Generating Supernatural (Guaranteed Unique) Keys in Snowflake


#1

Why Unique Keys?

There are about 1 billion reasons not to use system natural keys ( ie the source record identifiers like user_id or account_number ) in a production data warehouse. The TLDR version is that your warehouse is where the buck stops - as the warehouse engineer you are responsible for the validity of unique identifiers, so it only makes sense to take full ownership of them.

So how do we generate unique keys?
Snowflake supports postgres-like sequences.
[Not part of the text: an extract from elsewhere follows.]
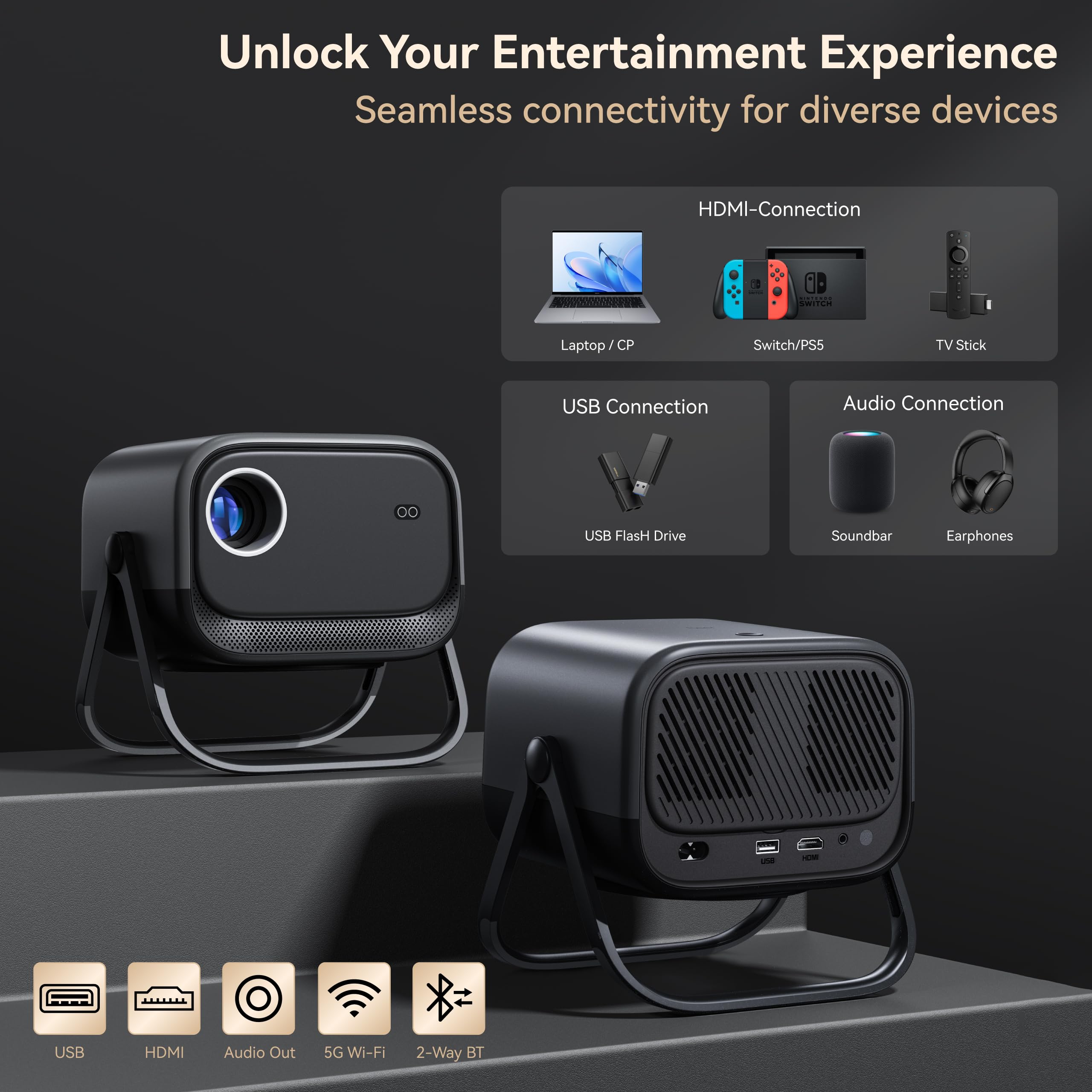 【Superfast 5G WiFi and Bidirectional Bluetooth】The Meer WiFi Bluetooth projector offers dual-band 5G/2.4G WiFi connectivity, effectively avoiding signal interference for a stable connection and fast data transfer. This means smoother, lag-free online video streaming every time. With dual-direction Bluetooth, it seamlessly transforms into a standalone speaker for your phone or connects stably to external Bluetooth speakers, delivering a more powerful and immersive audio experience.

A sequence is an RDBMS object that maintains a series of always-incrementing integers - so every time you ask a sequence for a number, you get one that is guaranteed to:
a. have never been given out before
b. be higher than any number given out before

You can create sequences just like in postgres:
CREATE OR REPLACE SEQUENCE your_sequence START = 1000
I like to start mine with a higher number just to make the resulting ID’s easier to read.
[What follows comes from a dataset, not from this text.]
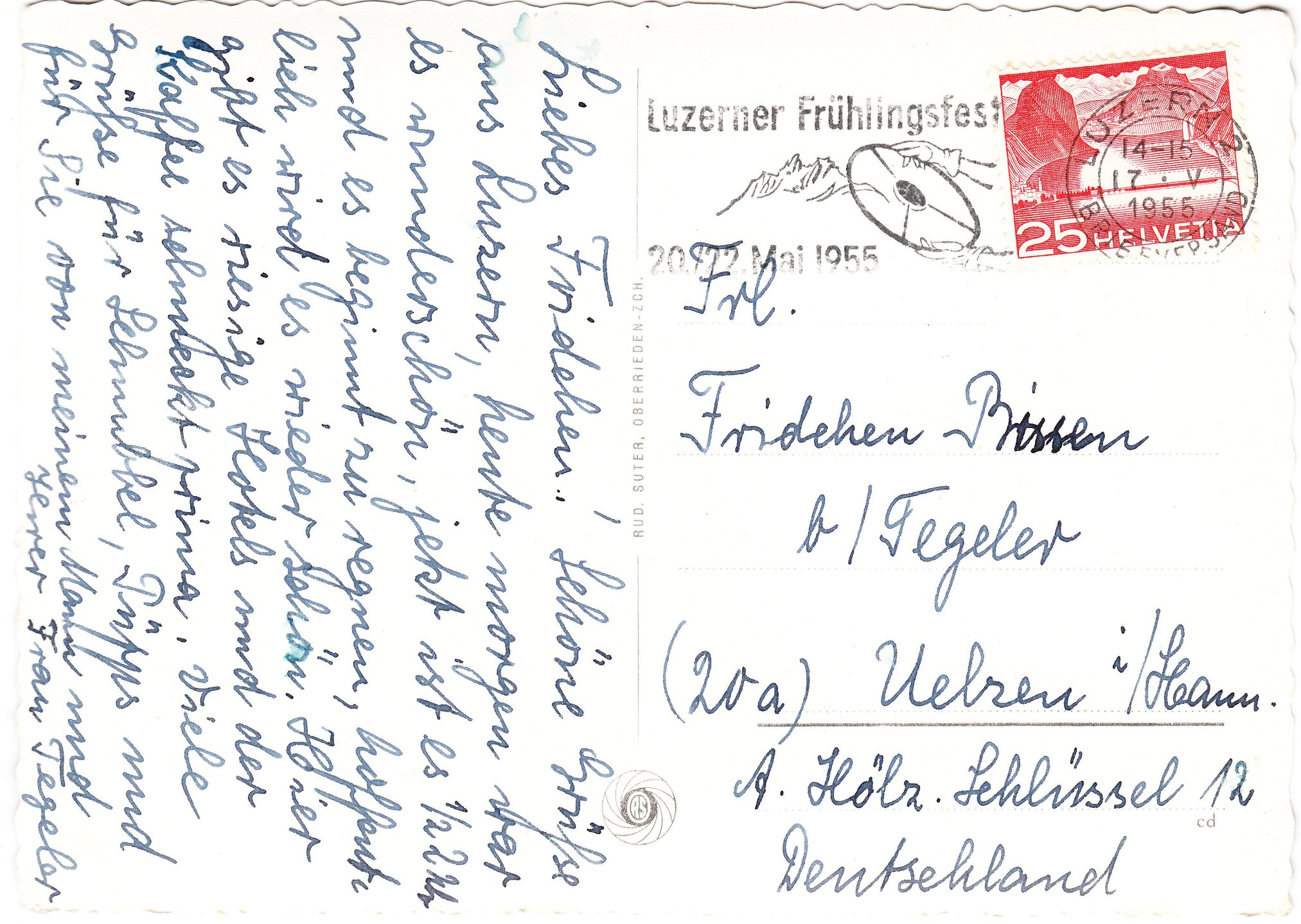Den Anfang macht dieses Dreispeichenlenkrad aus den Fünfziger Jahren, das im Werbeklischee dieses Maschinenstempels aus Luzern aus Anlaß des Luzerner Frühlingsfestes 1955 zum Einsatz kam:

Then when calling the sequence, simply join it in and get the resulting nextval.

    SELECT 
        *,
        seq.nextval AS totally_unique_key
    FROM
        public.hamburgers_table, 
        table(getnextval(your_sequence)) seq

I’ll write more about surrogate keys vs ids, vs natural keys later - but for now this is how you can populate (and own) the uniqueness of your data instances.